Chroniques

par irma foletti

Il matrimonio segreto | Le mariage secret
dramma giocoso de Domenico Cimarosa

Festival della Valle d’Itria / Palazzo Ducale, Martina Franca
- 3 août 2019
Naples au Festival della Valle d’Itria 2019: "Il matrimonio segreto" de Cimarosa
© clarissa lapolla

Dans sa quatre-vingt-dixième année, le metteur en scène et scénographe Pier Luigi Pizzi a encore bon pied bon œil, comme lorsqu’il vient saluer d’un pas vif au rideau final. À l’intérieur du même grand parallélépipède que la veille, avec ses deux poteaux intermédiaire qui forment trois espaces, les décors diffèrent : nous sommes, cette fois, dans un appartement moderne et chic, avec quelques peintures et sculptures de valeur bien en vue. Geronimo est un marchand d’art qui expose chez lui plusieurs oeuvres, dont la majorité de l’artiste Burri, comme indiqué dans le programme de salle. Pendant l’Ouverture, le couple marié secrètement se réveille. Madame amène le petit déjeuner en déshabillé dans la salle à manger située à droite, et le couple se câline gentiment sur le canapé, comme s’il s’agissait des propriétaires de la demeure. Par la suite le jeu est à la fois vivant, naturel et fluide, même si quelques images ont été déjà vues dans des productions antérieures de Pizzi. On pense en particulier à celle de La pietra del paragone de Rossini, proposée à deux reprises à Pesaro [lire notre chronique du 14 août 2017], quand ce soir le Comte Robinson fait quelques pompes ou quand Paolino se montre plus d’une fois torse nu. Cette élégance de la réalisation visuelle, dans un grand volume au design contemporain, passe fort bien et l’on ne s’ennuie pas une seconde durant ce Mariage secret, opéra qui peut parfois tirer en longueur – quelques petites coupures ont été effectuées.

La direction musicale du jeune Michele Spotti, à la tête de l’impeccable Orchestra del Teatro Petruzzelli di Bari, est également une grande réussite. Passés les trois premiers accords qui rappellent la Zauberflöte mozartienne, le ton de l’Ouverture est léger et rapide mais aussi plein d’application. Le chef met beaucoup de dynamique et de variations dans ses effets, par exemple quelques accélérations qui sont très bien amenées. Entre autres, le final du premier acte est très enlevé, la musique présentant un joli brillant [lire notre chronique de Don Pasquale].

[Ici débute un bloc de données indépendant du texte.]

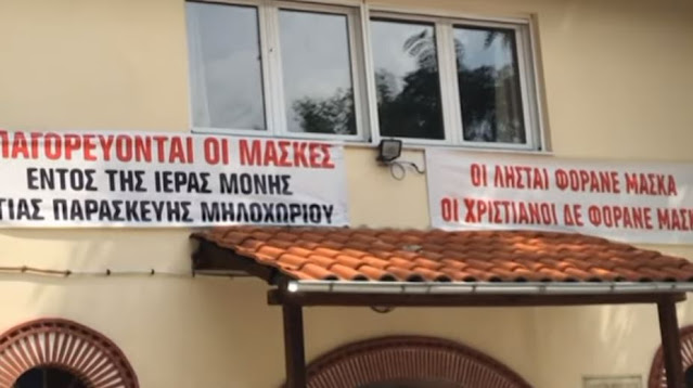 Μάλιστα, όποιος επισκεφτεί αυτό το διάστημα το Μοναστήρι της Αγίας Παρασκευής Μηλοχωρίου Εορδαίας, θα συναντήσει στην είσοδο του, δύο πανό. Το ένα αναφέρει «απαγορεύονται οι μάσκες εντός της Ιεράς Μονής Αγίας Παρασκευής Μηλοχωρίου» και το άλλο, «οι λησταί φοράνε μάσκα, οι Χριστιανοί δε φοράνε μάσκα».

La distribution s’avère d’excellente valeur et globalement cohérente, avec quelques étoiles. En premier lieu, Benedetta Torre fait entendre, dans le rôle de Carolina, une très jolie pulpe vocale, fruitée et dotée d’une extension facile vers les aigus – une chanteuse à suivre, certainement idéale dans le répertoire mozartien. L’autre soprano, Maria Laura Iacobellis (Elisetta), possède aussi un timbre de qualité, peut-être au vibrato légèrement accentué, mais faisant preuve d’une virtuosité et d’un abattage impressionnants dans son grand air du deuxième acte, Se son vendicata [lire notre chronique du Viaggio a Reims]. Dans le rôle de la tante Fidalma, le mezzo Ana Victoria Pitts use d’une voix plus sombre, parfois un peu voilée, qui marque idéalement la différence de génération avec ses nièces [lire notre chronique de La bella addormentata nel bosco].

Côté masculin, Alasdair Kent (Paolino) est un ténor clair, léger et agréable, idéal dans le répertoire rossinien et mozartien. Dans son air du deuxième acte, Pria che spunti in ciel l’aurora, il fait preuve d’élégance et de souplesse, dans un volume réduit mais bien audible, montrant toutefois quelques fragilités sur les notes les plus aiguës [lire notre chronique de L’Italiana in Algeri]. Les deux basses attendues dans les rôles de Geronimo et du Comte Robinson, respectivement Marco Filippo Romano et Vittorio Prato, accusent tous deux des limites évidentes dans le registre grave, exprimé souvent trop timidement. Le premier perpétue avec esprit la tradition des basses bouffes, expressif et bien sonore dans le médium et l’aigu, à l’aise dans le débit rapide et se montrant drôle mais sans excès [lire notre chronique de Margherita d’Anjou]. On l’imagine aisément en Bartolo du Barbiere di Siviglia de Rossini. Quant à Vittorio Prato, il a le look du beau gosse, costume bleu et chemise Hawaï, beau grain de voix assurée mais d’une projection un peu réduite [lire nos chroniques de L’elisir d’amore, Il barbiere di Siviglia, Les Indes galantes, La Salustia et Il segreto di Susanna].